**Problem to solve:**
When you reach the line containing "Układ: sala główna, 2", start transcribing exactly and continue through the last line of the data, skipping every picture.

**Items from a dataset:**
================================

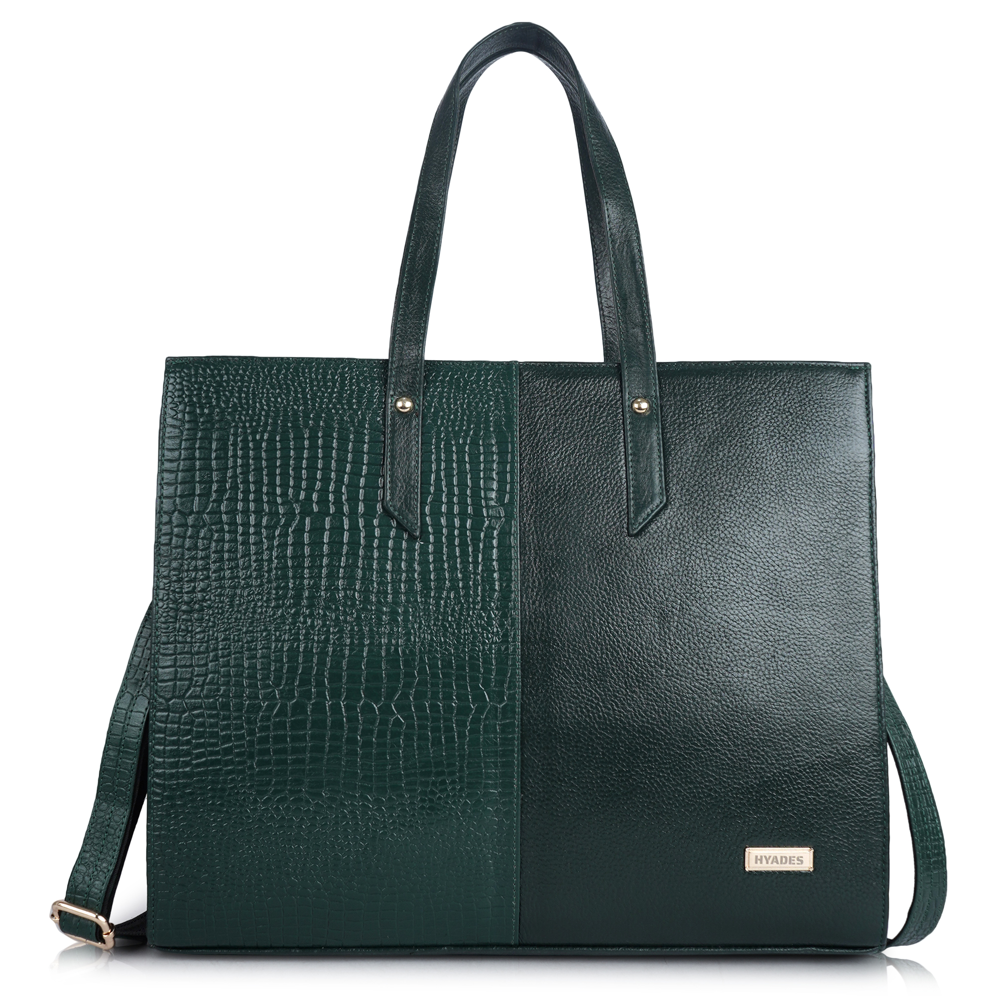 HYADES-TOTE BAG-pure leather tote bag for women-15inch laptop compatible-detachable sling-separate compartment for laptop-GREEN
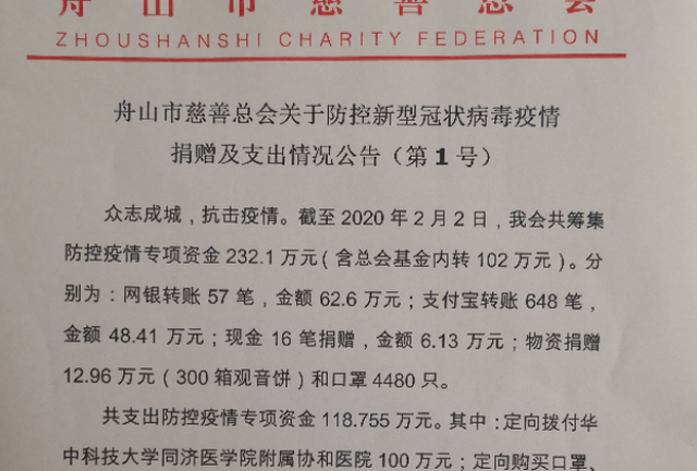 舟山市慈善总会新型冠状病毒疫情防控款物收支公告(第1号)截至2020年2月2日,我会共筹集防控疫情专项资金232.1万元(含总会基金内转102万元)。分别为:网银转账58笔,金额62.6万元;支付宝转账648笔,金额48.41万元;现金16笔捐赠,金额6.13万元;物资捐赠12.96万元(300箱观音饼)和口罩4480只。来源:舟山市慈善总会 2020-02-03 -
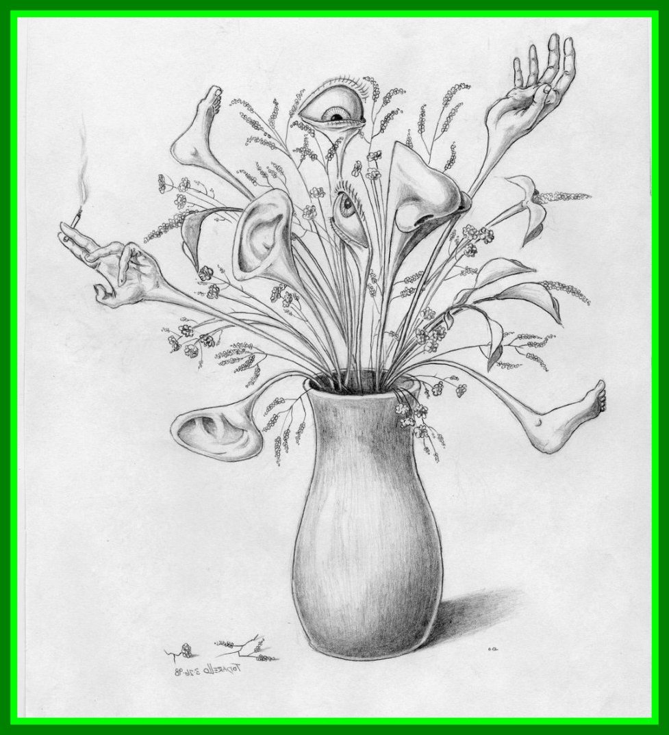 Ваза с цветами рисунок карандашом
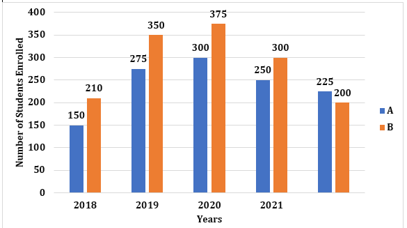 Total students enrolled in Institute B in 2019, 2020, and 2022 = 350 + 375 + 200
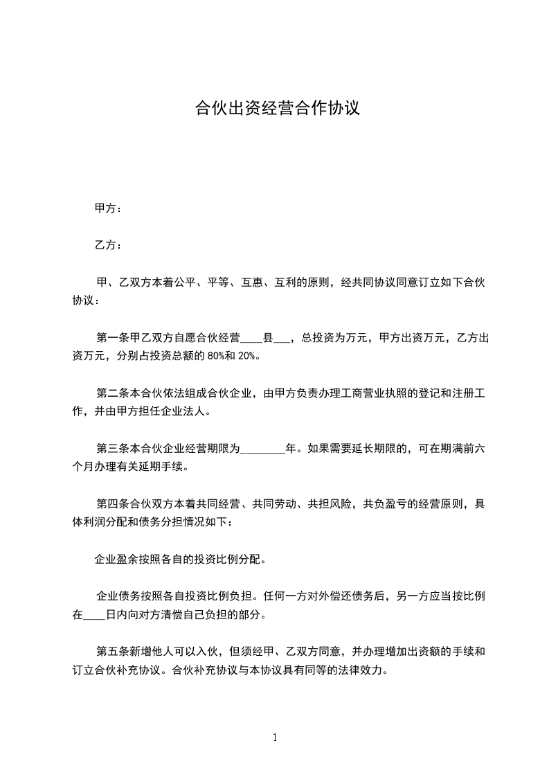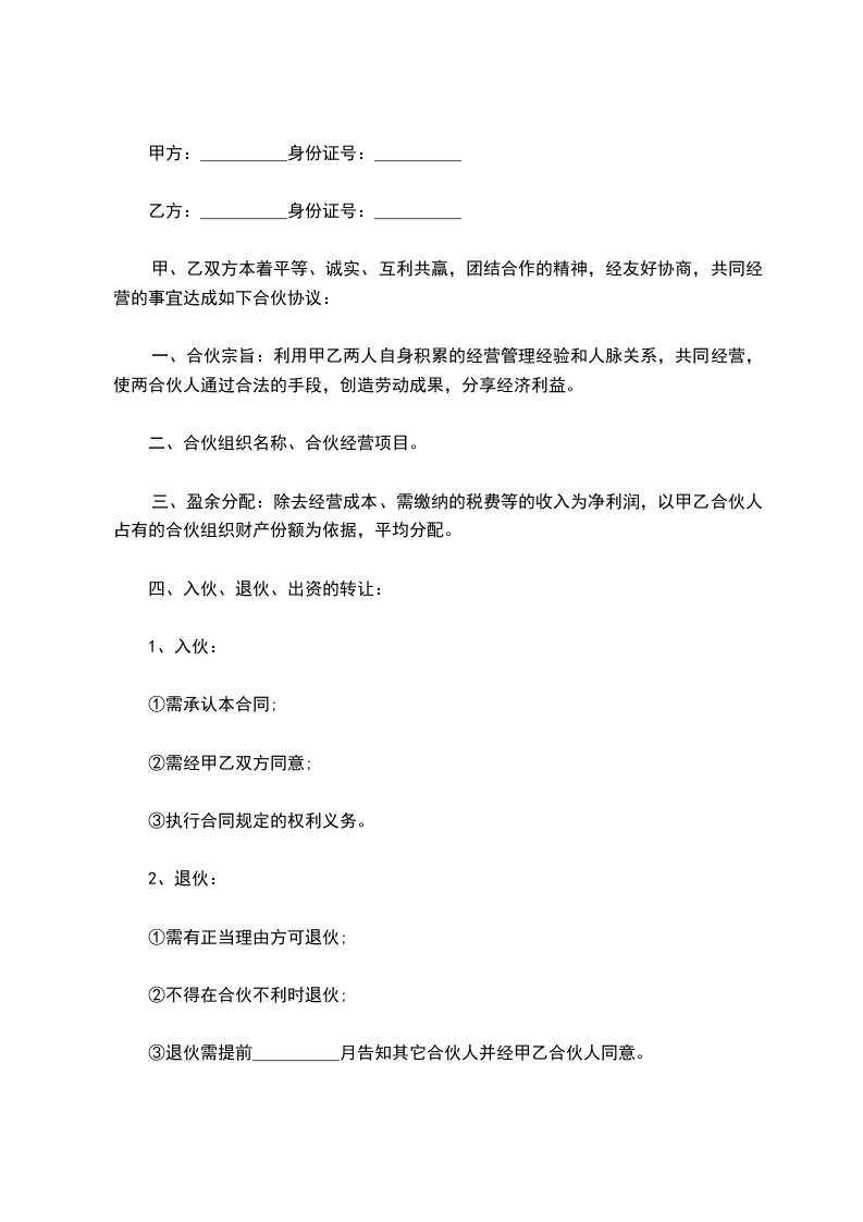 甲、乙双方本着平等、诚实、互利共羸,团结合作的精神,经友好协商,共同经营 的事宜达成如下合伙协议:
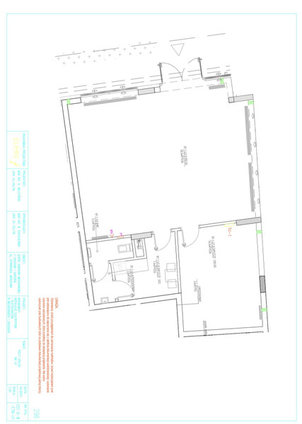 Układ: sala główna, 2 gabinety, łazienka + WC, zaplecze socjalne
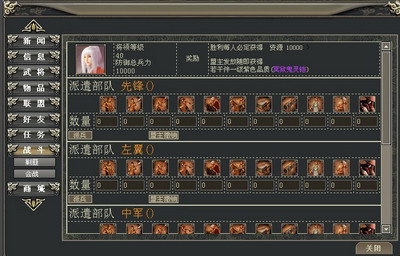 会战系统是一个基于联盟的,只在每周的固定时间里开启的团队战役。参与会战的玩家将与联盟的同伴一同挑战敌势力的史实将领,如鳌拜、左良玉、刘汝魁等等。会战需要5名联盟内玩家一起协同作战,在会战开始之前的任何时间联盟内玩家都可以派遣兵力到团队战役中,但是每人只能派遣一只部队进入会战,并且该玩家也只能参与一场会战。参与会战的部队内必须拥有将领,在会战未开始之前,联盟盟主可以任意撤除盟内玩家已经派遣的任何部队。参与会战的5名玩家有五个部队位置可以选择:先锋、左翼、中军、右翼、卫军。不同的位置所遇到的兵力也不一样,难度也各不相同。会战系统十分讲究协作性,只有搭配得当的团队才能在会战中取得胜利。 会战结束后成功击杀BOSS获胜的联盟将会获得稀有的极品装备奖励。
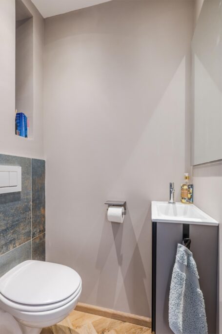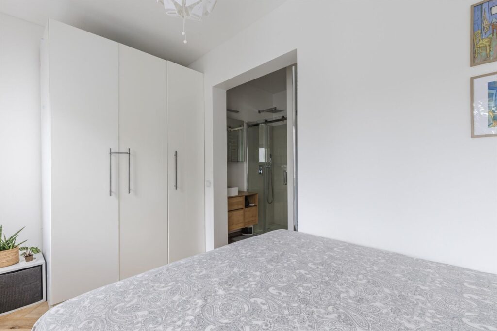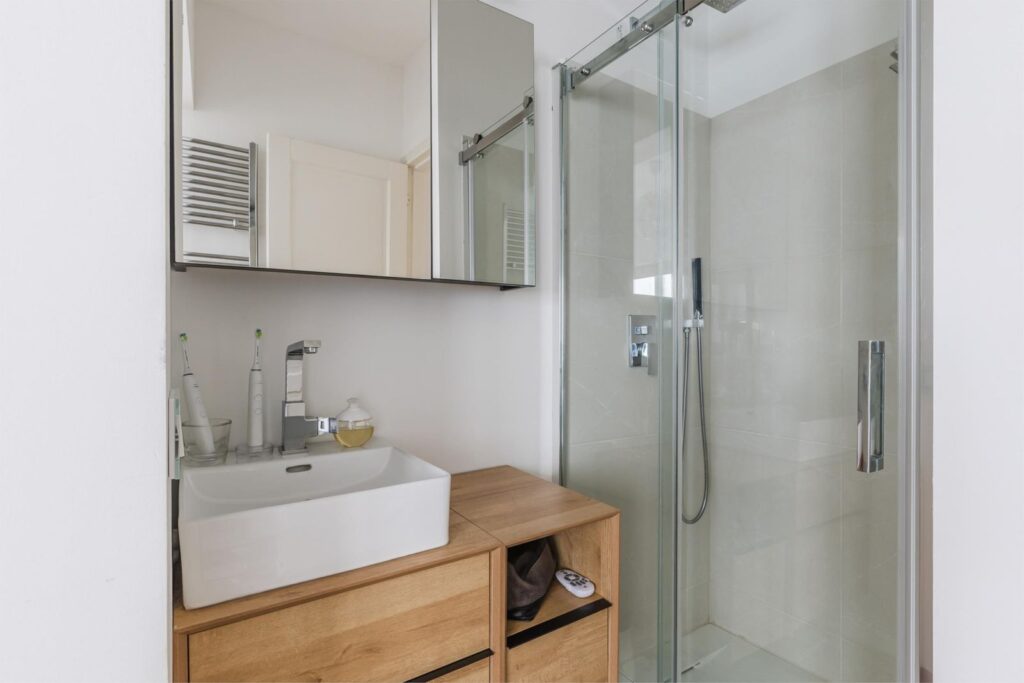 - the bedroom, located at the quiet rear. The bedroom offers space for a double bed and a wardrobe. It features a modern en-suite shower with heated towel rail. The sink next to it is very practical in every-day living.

================================

**Reply to the exercise:**
 Układ: sala główna, 2 gabinety, łazienka + WC, zaplecze socjalne
 会战系统是一个基于联盟的,只在每周的固定时间里开启的团队战役。参与会战的玩家将与联盟的同伴一同挑战敌势力的史实将领,如鳌拜、左良玉、刘汝魁等等。会战需要5名联盟内玩家一起协同作战,在会战开始之前的任何时间联盟内玩家都可以派遣兵力到团队战役中,但是每人只能派遣一只部队进入会战,并且该玩家也只能参与一场会战。参与会战的部队内必须拥有将领,在会战未开始之前,联盟盟主可以任意撤除盟内玩家已经派遣的任何部队。参与会战的5名玩家有五个部队位置可以选择:先锋、左翼、中军、右翼、卫军。不同的位置所遇到的兵力也不一样,难度也各不相同。会战系统十分讲究协作性,只有搭配得当的团队才能在会战中取得胜利。 会战结束后成功击杀BOSS获胜的联盟将会获得稀有的极品装备奖励。
 - the bedroom, located at the quiet rear. The bedroom offers space for a double bed and a wardrobe. It features a modern en-suite shower with heated towel rail. The sink next to it is very practical in every-day living.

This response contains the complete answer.